Voluntary pension funds’ portfolio in March: 71% state securities, 15% deposits, 7% shares, 5% corporate bonds
The voluntary private pension funds (pillar III) had the following portfolio structure at the end of March: 71% state securities, 15% bank deposits, 7% shares, 5% traded corporate bonds and 2% mutual funds, according to the market’s quarterly report, published today by the Private Pension Supervisory Commission.
The report shows that the voluntary pension market diversified the investment portfolio significantly in the first quarter of this year, shifting the largest part of their investments from bank deposits to state securities. If at the end of last year, the funds invested 68% of their assets in bank deposits, waiting to reach a critical mass for diversifying the investments, the percentage for deposits at the end of March was only 15%. Over the same period, (the first quarter), the share of state securities and municipal bonds increased from 21% to 71%.
The shares listed at the Bucharest Stock Exchange represent approximately 7% of the aggregated portfolio of voluntary pensions.
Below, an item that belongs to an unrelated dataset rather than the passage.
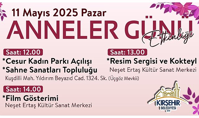 (KIRŞEHİR) - Kırşehir Belediyesi, 11 Mayıs Pazar günü Anneler Günü’nü bir dizi etkinlikle kutlayacak.Kırşehir’deki Anneler Günü etkinlikleri kapsamında 11 Mayıs 2025 Pazar günü saat 12.00’de Kuşdilli Mahallesi Yıldırım Beyazıd Caddesi 1324. Sokak’ta yapımı tamamlanan Cesur Kadın Parkı’nın açılışı gerçekleştirilecek. Açılış programında, Sahne Sanatları Topluluğu performans yapacak.Etkinlikler, saat 13.00’te Neşet Ertaş Kültür Sanat Merkezi’nde resim sergisi ve kokteyl ile devam edecek. Anneler Günü programı kapsamında Neşet Ertaş Kültür Sanat Merkezi’nde de saat 14.00’te film gösterimi yapılacak.Tüm vatandaşları etkinliklere davet eden Belediye Başkanı Selahattin Ekicioğlu, şunları kaydetti:“Anne sevgisi, insan yaşamının her evresinde var olan en anlamlı duygulardan birisidir. Onlar karşılıksız sevgileri, şefkatleri ve sonsuz özverileri ile başımızın tacıdırlar. Koşulsuz sevgi ve sorumluluklarının karşılığında annelerimiz hatırlanmayı, değer görmeyi, saygıyı ve takdiri herkesten daha çok hak etmektedir. Üzerimizde ödenmez hakları bulunan, sevgi, fedakarlık ve sabırlarını başka hiçbir değerle ölçemeyeceğimiz annelerimiz her zaman baş tacımızdır. Annelerimiz sevgi dolu yürekleriyle, sağduyulu, bilgece tavır ve yaklaşımlarıyla bizleri büyüten, yol gösterenlerdir. Annelerimiz; bitmez, tükenmez bir sevginin, hoşgörünün, özverinin kaynağıdır. Onlar bizim, yaşadıkları sürece öğretmenimiz, yaşam desteğimiz, mutluluğumuzun kaynağı, kötü günlerimizde sığınağımızdır. Haklarını asla ödeyemeyeceğimiz; üzerimizdeki gerçek hak sahibi annelerimizin Anneler Günü’nü kutluyor, tüm annelerimize saygı ve hürmetlerimi sunuyorum.”

The report shows that the voluntary pension funds are more and more interested in traded corporate bonds, which reached 5.3% of the total net assets. The remaining almost 2% represents investments in mutual funds.
At the end of March, the voluntary pension funds had net assets of almost EUR 6.7 million, 72% higher than at the beginning of the year. The number of participants to this system increased by over 48% in the first quarter, reaching 75,423 participants.